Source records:
_ _ _ _ _ _ _

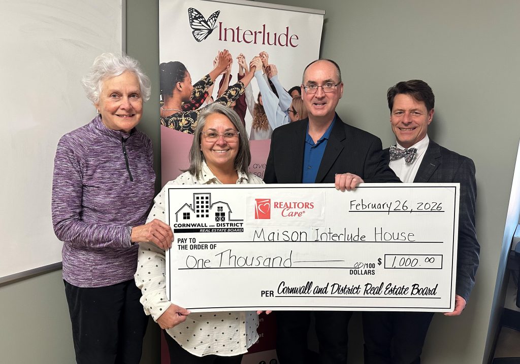 On February 26, 2026, the Cornwall and District Real Estate Board presented a $1,000 cheque to Interlude – MIH. This grant was made possible thanks to the generous contributions from REALTOR® Members of the CDREB through the REALTORS Care® Foundation. The CDREB is proud to support such a wonderful organization and the important work they do within our community.
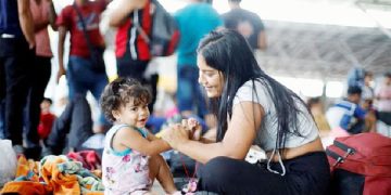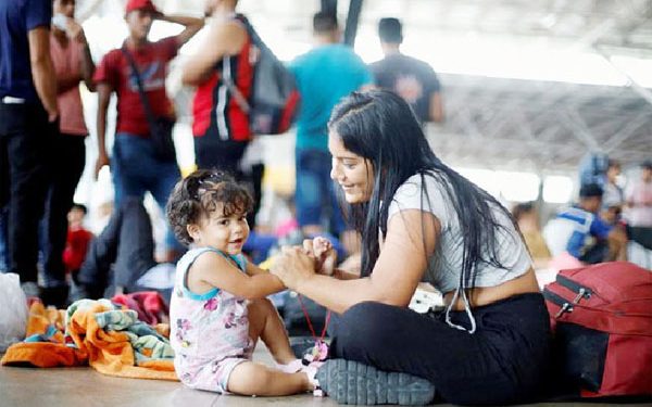 A woman plays with her daughter while waiting with fellow Venezuelan migrants at a bus station for help by Mexican authorities to reach Ciudad Acuna to cross the border to Del Rio, Texas.
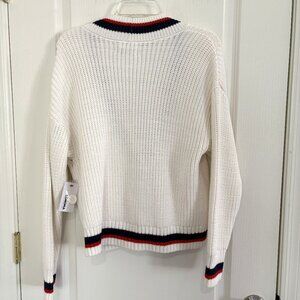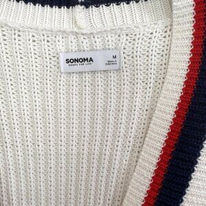NEW Sonoma Button Front Pocket Cardigan Sweater Ivory with Red & Blue Trim Size Medium NWT
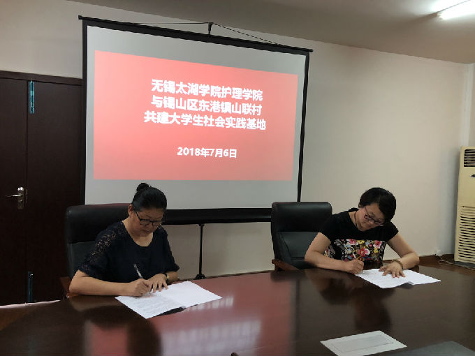 beat365在线唯一官网护理学院一贯注重学生在社会实践中获真知、见真情,为让学生在社会实践中能充分发挥自身才能,于7月6日下午由护理学院党总支副书记王凤琴、护理学院分团委马晓星老师与无锡市锡山区东港镇山联村村委会主任朱虹成功签订“beat365在线唯一官网大学生社会实践基地共建协议书”。
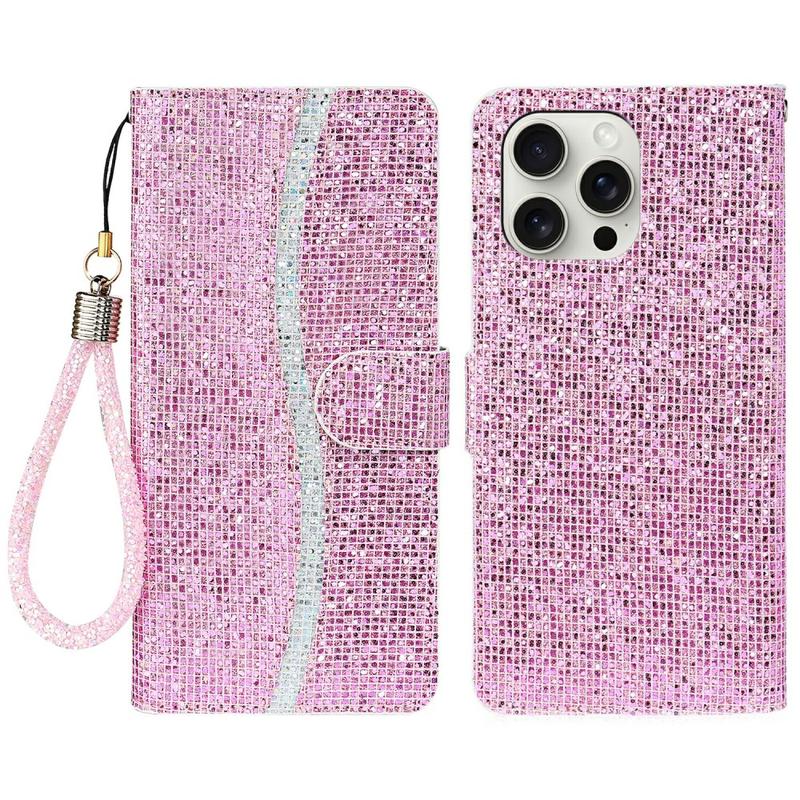 Snyggt plånboksfodral med glitter för iPhone 16 Pro Max
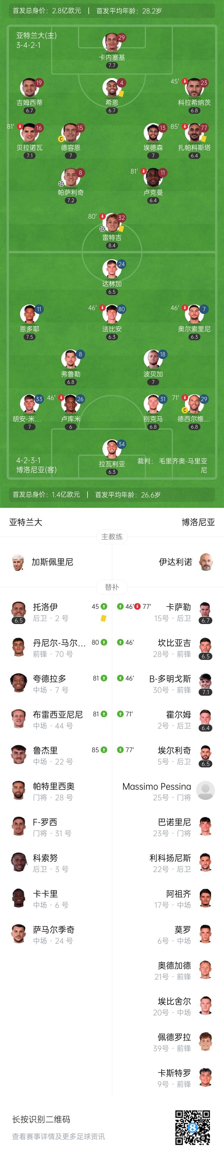 伤停补时6分钟。全场比赛结束,亚特兰大2-0博洛尼亚。
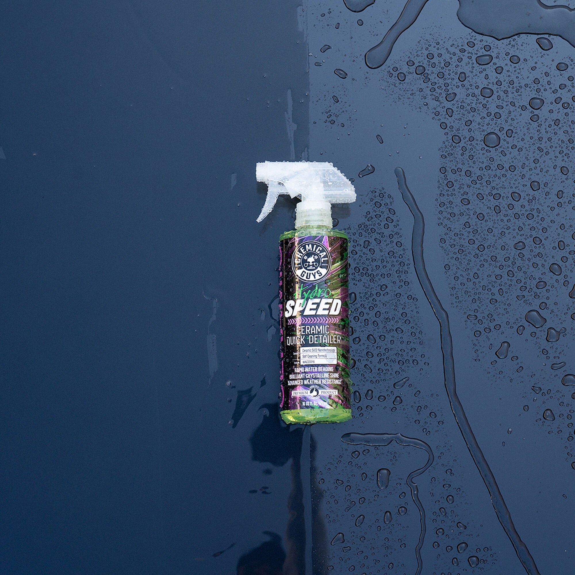 Introducing HydroSpeed: the ultimate car spray infused with hydrophobic polymers and SiO2 nanoparticles. Easy to apply. it delivers a stunning shiny finish. shields your vehicle against all weather conditions. and promotes rapid water beading.
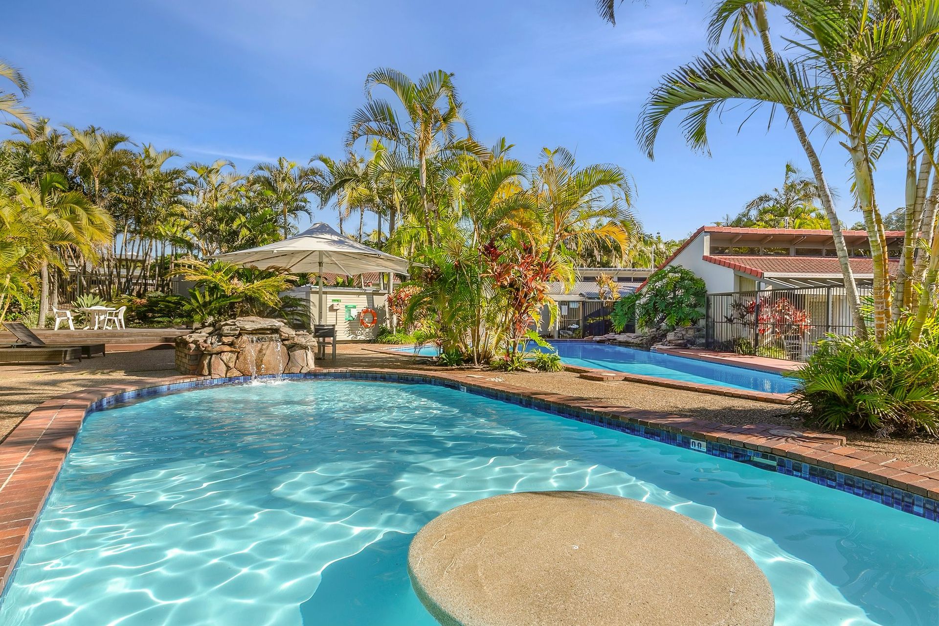 Lush tropical gardens with winding walking tracks for moments of serenity

_ _ _ _ _ _ _

§ **Task prompt**: When the line containing "Snyggt plånboksfodral med" is reached, write out that line and each one after it exactly, ending with the last line of the records; pictures are not copied.

§ **Result of this exercise**:
 Snyggt plånboksfodral med glitter för iPhone 16 Pro Max
 伤停补时6分钟。全场比赛结束,亚特兰大2-0博洛尼亚。
 Introducing HydroSpeed: the ultimate car spray infused with hydrophobic polymers and SiO2 nanoparticles. Easy to apply. it delivers a stunning shiny finish. shields your vehicle against all weather conditions. and promotes rapid water beading.
 Lush tropical gardens with winding walking tracks for moments of serenity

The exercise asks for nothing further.